# Nordrhein-Westfalen... macht einen auf "denglisch"



## Captain Picard (5 November 2004)

http://www.heise.de/newsticker/meldung/52945


> Nordrhein-Westfalen plant, im Zuge der Regierungsumbildung nach den nächsten
> Landtagswahlen einen* Chief Information Officer (CIO) * für Informationstechnologie
> zu berufen.


Nett die Kommentare:


> Re: deutsche Bezeichnung für CIO
> Wie wärs mit Geheimrat?





> Der deutsche Beamte...
> darf nichtmal entscheiden, "wie" er schreibt, dh er *muß* sich an die
> neue deutsche
> Rechtschreibung halten, darf nicht etwa die alte
> ...


----------



## Anonymous (5 November 2004)

Das wäre ein Fall für dieses Forum:

http://www.vds-ev.de/forum/index.php


Leider haben sie es noch nicht enddeckt. 

'Gruß
Stieglitz


----------



## News (5 November 2004)

Ich möchte bitte ab jetzt Senior Staff Writer genannt werden.
Oder meinetwegen auch Chief Editorial Executive 

Das Schöne daran ist, dass man jeden toll aufwerten kann.
Klohäuschen-Kassierer -> Service Location Supervisor oder so... 0


----------



## Devilfrank (6 November 2004)

Jupp- und ich bin ab sofort der *Senior IT Manager (Europe)*.
Bin ja schliesslich der Einzige, der diesen Rechner hier administriert.
 :lol:


----------



## sascha (6 November 2004)

Darf ich Content Manager spielen?


----------



## Heiko (6 November 2004)

Ich bin bescheiden.
*root* reicht


----------



## Captain Picard (25 April 2005)

Heiko schrieb:
			
		

> *root* reicht


 = Wurzelsepp...
http://www.heise.de/newsticker/meldung/58951


> Man spreche Deutsch, nicht Denglish


http://vds-ev.de/denglisch/sprachpanscher/sprachhunzer.php
http://vds-ev.de/denglisch/sprachpanscher/index.php

cp


----------



## Reinhard (25 April 2005)

Und jetzt ist es auch im Forum:

http://www.vds-ev.de/forum/viewtopic.php?TopicID=2102


----------



## Telekomunikacja (25 April 2005)

Captain Picard schrieb:
			
		

> http://www.heise.de/newsticker/meldung/58951


So, so.

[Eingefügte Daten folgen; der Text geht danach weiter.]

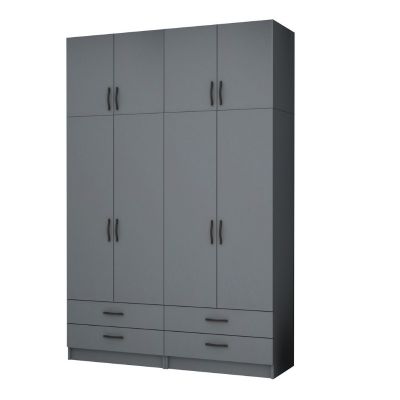 4. Ντουλάπα ρούχων Ricardo Megapap τετράφυλλη με πατάρι και συρτάρια χρώμα ανθρακί 160x51,8x240εκ.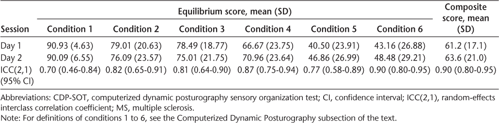 Descriptive statistics were used to characterize the participants. Test-retest reliability between the sessions was assessed using the two-way random-effects, single-measurement interclass correlation coefficient (ICC[2,1]); ICC values of 0.75 to 1.0 were considered excellent; 0.40 to 0.74, fair to good; and less than 0.40, poor.20 Two-sided independent t tests were used to evaluate differences between the lower- and higher-disability groups for the composite CDP-SOT scores as well as equilibrium scores for each condition. Discriminant validity was confirmed by statistically significant group differences using two-sided t tests (α = .05). All the analyses were performed using IBM SPSS Statistics for Windows, version 23.0 (IBM Corp, Armonk, NY).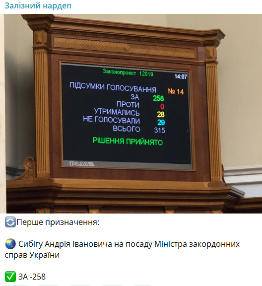 В четверг, 5 сентября, Верховная Рада утвердила Андрея Сибигу новым министром иностранных дел Украины. Об этом сообщает народный депутат Ярослав Железняк.

Ausgerechnet der S.  M.  wird zitiert:



			
				heise.de schrieb:
			
		

> K.  zitiert zur Begründung den CSU-Generalsekretär M.  S. : "Deutschland braucht mehr Gemeinsinn und Zusammenhalt", so S. . "Die anstrengenden Reformen ... sind nur möglich, wenn es eine Art Mannschaftsgeist gibt. Das ist die mentale Grundlage für ökonomischen Erfolg."



Erinnert sich noch jemand daran? :gruebel:

- *"Schröder indirekt für jedes Verbrechen an Kindern mitverantwortlich"*
- *"KRUZIFIXE STATT KOPFTÜCHER". CSU nimmt Kulturkampf wieder auf*
- *M.  nimmt sich S.  vor*
- *S.  tut es "überhaupt nicht leid"*
Saubere Sprache    des "Gemeinsinn-und-Zusammenhalt"-S. ...  :argue:


----------



## Captain Picard (25 April 2005)

Zitieren oder Beifall aus dem "falschen" Lager und der Angriff darauf,  ist das die Legitimation des 
"denglischen "?  Es ist immer wieder nervig, wie mit Nebenkriegschauplätzen ein Thread/Thema verwässert wird.

Viel Spass mit cool und uncool....:evil: 

cp

PS: 





			
				Telekomunikacja schrieb:
			
		

> So, so. Ausgerechnet der S.  M. wird zitiert:


wenn dir der Herr so auf den Nerv geht, eröffne doch einen speziellen Thread dafür


----------



## drboe (26 April 2005)

Captain Picard schrieb:
			
		

> wenn dir der Herr so auf den Nerv geht, eröffne doch einen speziellen Thread dafür


Warum sollte er? Das die Rede des Zitierten wohl kaum geeignet ist für eine Werbung zum pfleglichen Umgang mit der eigenen Sprache, paßt unbedingt zum Thema. Ich bezweifle auch, dass das  


> "Deutschland braucht mehr Gemeinsinn und Zusammenhalt", meinte Generalsekretär Söder. "Die anstrengenden Reformen ... sind nur möglich, wenn es eine Art Mannschaftsgeist gibt. Das ist die mentale Grundlage für ökonomischen Erfolg."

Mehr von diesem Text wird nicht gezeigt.